Exercise:
Although the data holds pictures, return only the lines from the one containing "Engraved Kansa Thali" to the end, exactly, and without them.

Data to use:
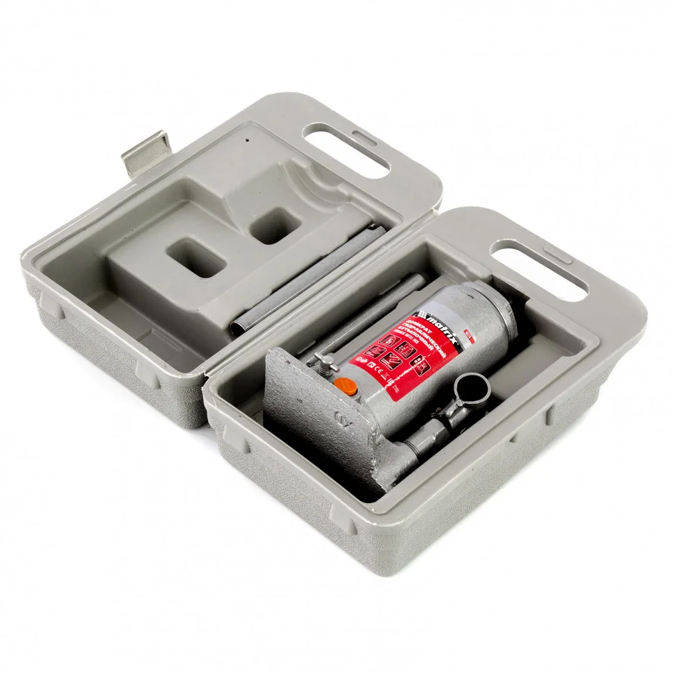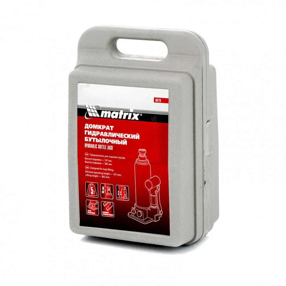Домкрат гидравлический бутылочный, 5 т, h подъема 197-382 мм, в пластиковом кейсе Matrix 50776
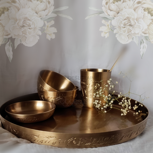 Engraved Kansa Thali Set | Hand made Pure Bronze Dinner Set
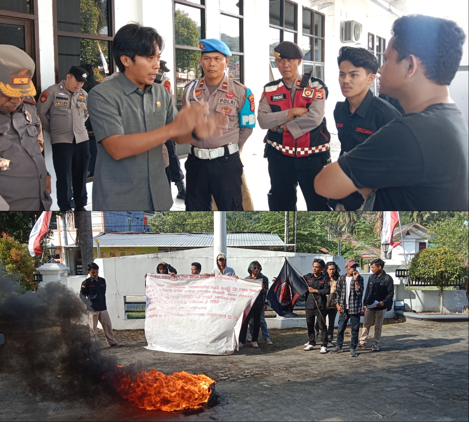 Saat aksi berlangsung dihalaman kantor DPRD, massa diterima langsung oleh Ketua DPRD Enrekang, Ikrar Erang Batu, di bawah penjagaan ketat aparat dari Polres Enrekang. Secara bergiliran, para peserta aksi menyampaikan orasi menyuarakan kekecewaan terhadap belum adanya penyelesaian nasib PPPK angkatan 2023.
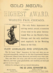 This is an original 1893 black and white print ad for De Laval "Baby" Separators for farm and dairy from The De Laval Separator Co., 74 Cortlandt St., NYC, the only dairy separators receiving the gold medal and highest award at the Chicago World's Fair.
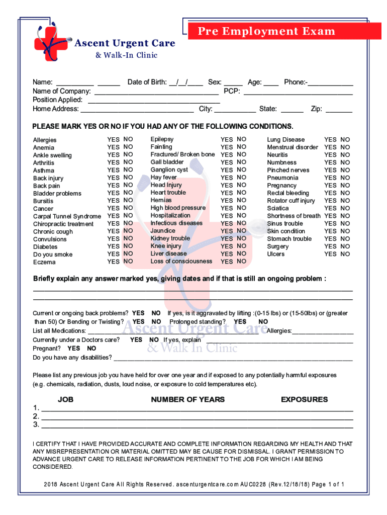 Edit your pre employment exam ascent form online
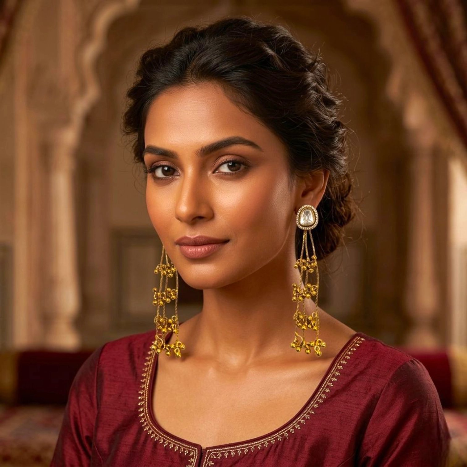 Whether paired with a saree, kurta set, or fusion outfit, the Kashmiri Ghungroo Earrings bring a subtle statement of heritage and sophistication to your look.

Written answer:
 Engraved Kansa Thali Set | Hand made Pure Bronze Dinner Set
 Saat aksi berlangsung dihalaman kantor DPRD, massa diterima langsung oleh Ketua DPRD Enrekang, Ikrar Erang Batu, di bawah penjagaan ketat aparat dari Polres Enrekang. Secara bergiliran, para peserta aksi menyampaikan orasi menyuarakan kekecewaan terhadap belum adanya penyelesaian nasib PPPK angkatan 2023.
 This is an original 1893 black and white print ad for De Laval "Baby" Separators for farm and dairy from The De Laval Separator Co., 74 Cortlandt St., NYC, the only dairy separators receiving the gold medal and highest award at the Chicago World's Fair.
 Edit your pre employment exam ascent form online
 Whether paired with a saree, kurta set, or fusion outfit, the Kashmiri Ghungroo Earrings bring a subtle statement of heritage and sophistication to your look.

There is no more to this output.